The man turned a face upon him which was lion-like in its strength and in its wrath. With his tangle of golden hair, his fierce blue eyes, and his large, well-marked features, he was the most comely man whom Alleyne had ever seen, and yet there was something so sinister and so fell in his expression that child or beast might well have shrunk from him. His brows were drawn, his cheek flushed, and there was a mad sparkle in his eyes which spoke of a wild, untamable nature.
"Young fool!" he cried, holding the woman still to his side, though every line of her shrinking figure spoke her abhorrence. "Do you keep your spoon in your own broth. I rede you to go on your way, lest worse befall you. This little wench has come with me and with me she shall bide."
"Liar!" cried the woman; and, stooping her head, she suddenly bit fiercely into the broad brown hand which held her. He whipped it back with an oath, while she tore herself free and slipped behind Alleyne, cowering up against him like the trembling leveret who sees the falcon poising for the swoop above him.
"Stand off my land!" the man said fiercely, heedless of the blood which trickled freely from his fingers. "What have you to do here? By your dress you should be one of those cursed clerks who overrun the land like vile rats, poking and prying into other men's concerns, too caitiff to fight and too lazy to work.
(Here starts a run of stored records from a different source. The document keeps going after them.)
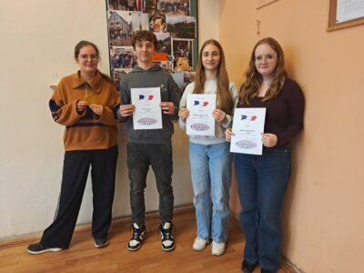 Praxe francouzských stážistů. V lednu a únoru (19. 1.-13. 2.) zavítali do hodin francouzštiny v 1. E, 2. F, 3. E a 4. E francouzští stážisté Elisy Py a Antoine Rubichon z východofrancouzského regionu Franche-Comté. [...]
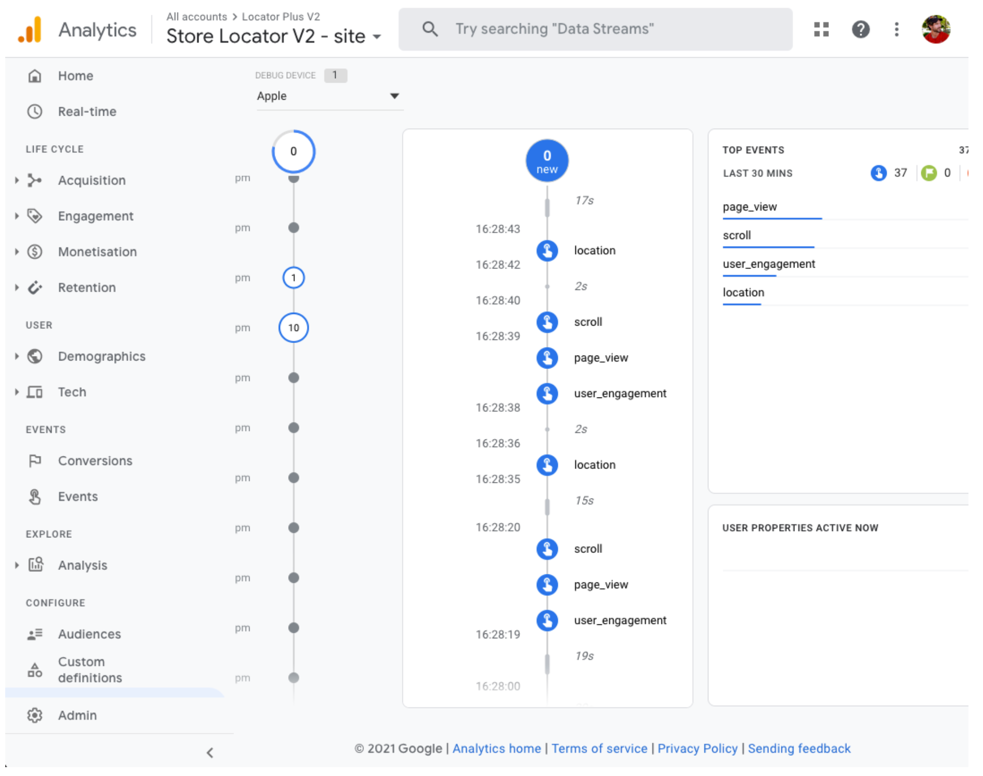 Vous pouvez également contrôler les événements en temps réel via DebugView, comme illustré ci-dessous. Notez que vous devez patienter 24 heures avant d'accéder à un rapport complet sur les événements dans la section Engagement > Événements de Google Analytics.
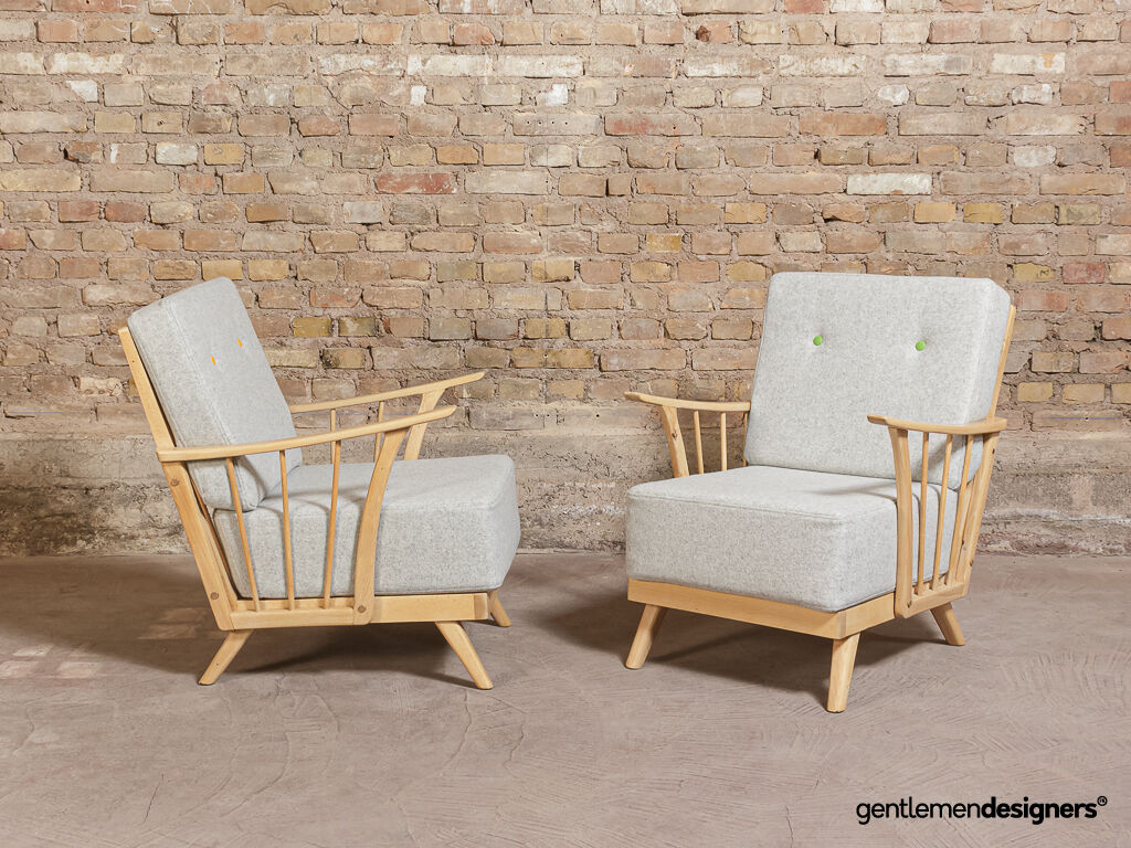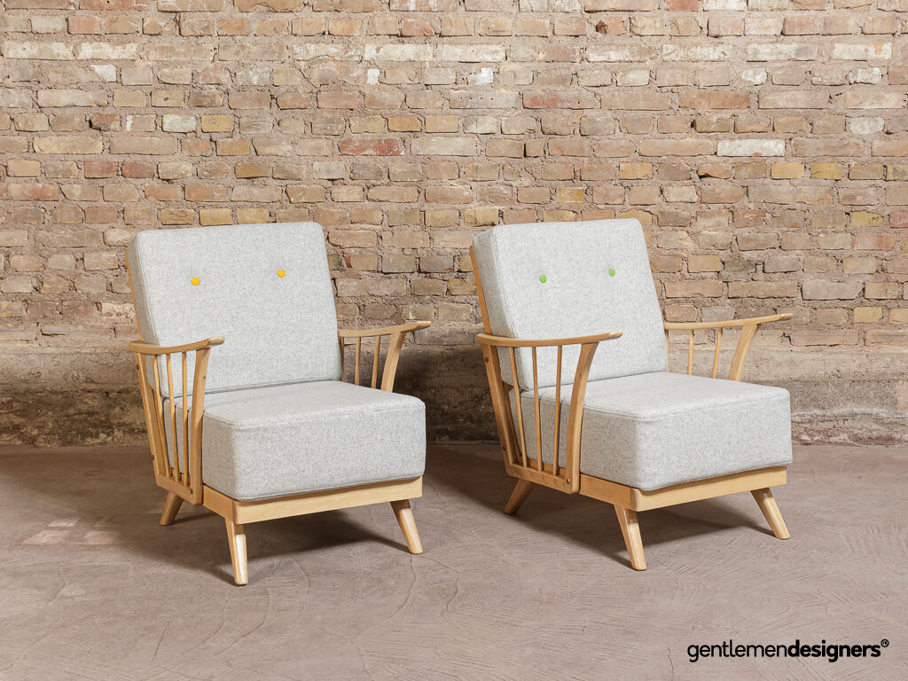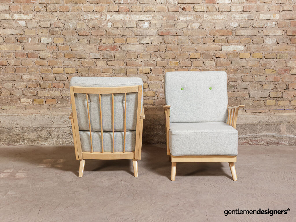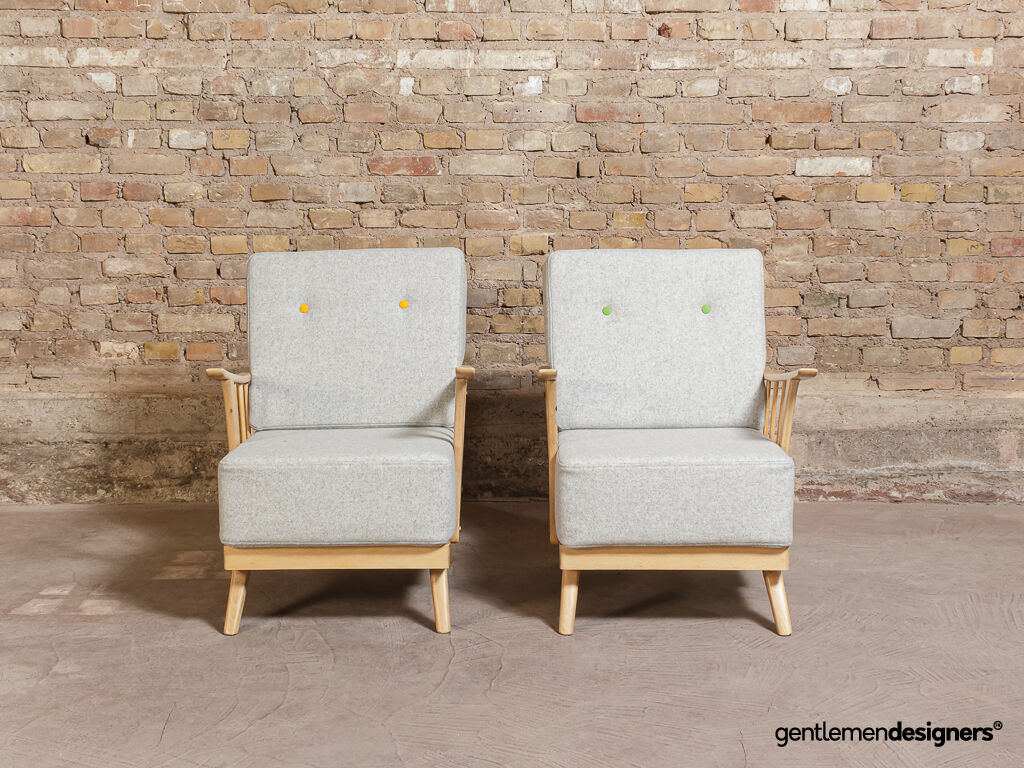 Paire de fauteuils vintage en bois massif restauré avec un tissu gris chinés, circa 1960
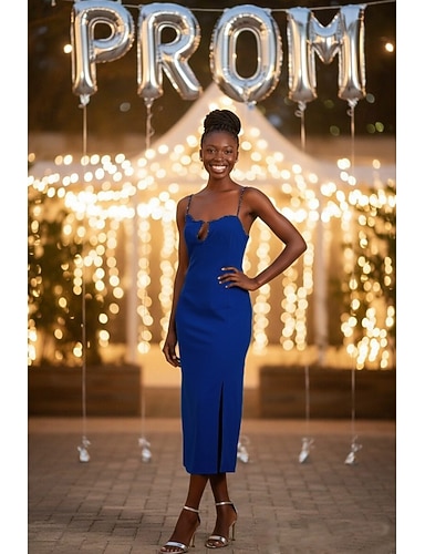 Tubino Colonna Lunghezza Tè Abito da Ballo Abito da invitata a nozze Abito da sera Abiti da Ballo Elegante Senza Maniche Spalline sottili Balli di fine anno Formale Crepe Elasticizzato Senza schiena

By the rood! if I had my will upon ye, I should nail you upon the abbey doors, as they hang vermin before their holes. Art neither man nor woman, young shaveling. Get thee back to thy fellows ere I lay hands upon you: for your foot is on my land, and I may slay you as a common draw-latch."
"Is this your land, then?" gasped Alleyne.
"Would you dispute it, dog? Would you wish by trick or quibbie to juggle me out of these last acres? Know, base-born knave, that you have dared this day to stand in the path of one whose race have been the advisers of kings and the leaders of hosts, ere ever this vile crew of Norman robbers came into the land, or such half-blood hounds as you were let loose to preach that the thief should have his booty and the honest man should sin if he strove to win back his own."
"You are the Socman of Minstead?"
"That am I; and the son of Edric the Socman, of the pure blood of Godfrey the thane, by the only daughter of the house of Aluric, whose forefathers held the white-horse banner at the fatal fight where our shield was broken and our sword shivered. I tell you, clerk, that my folk held this land from Bramshaw Wood to the Ringwood road; and, by the soul of my father! it will be a strange thing if I am to be bearded upon the little that is left of it. Begone, I say, and meddle not with my affair."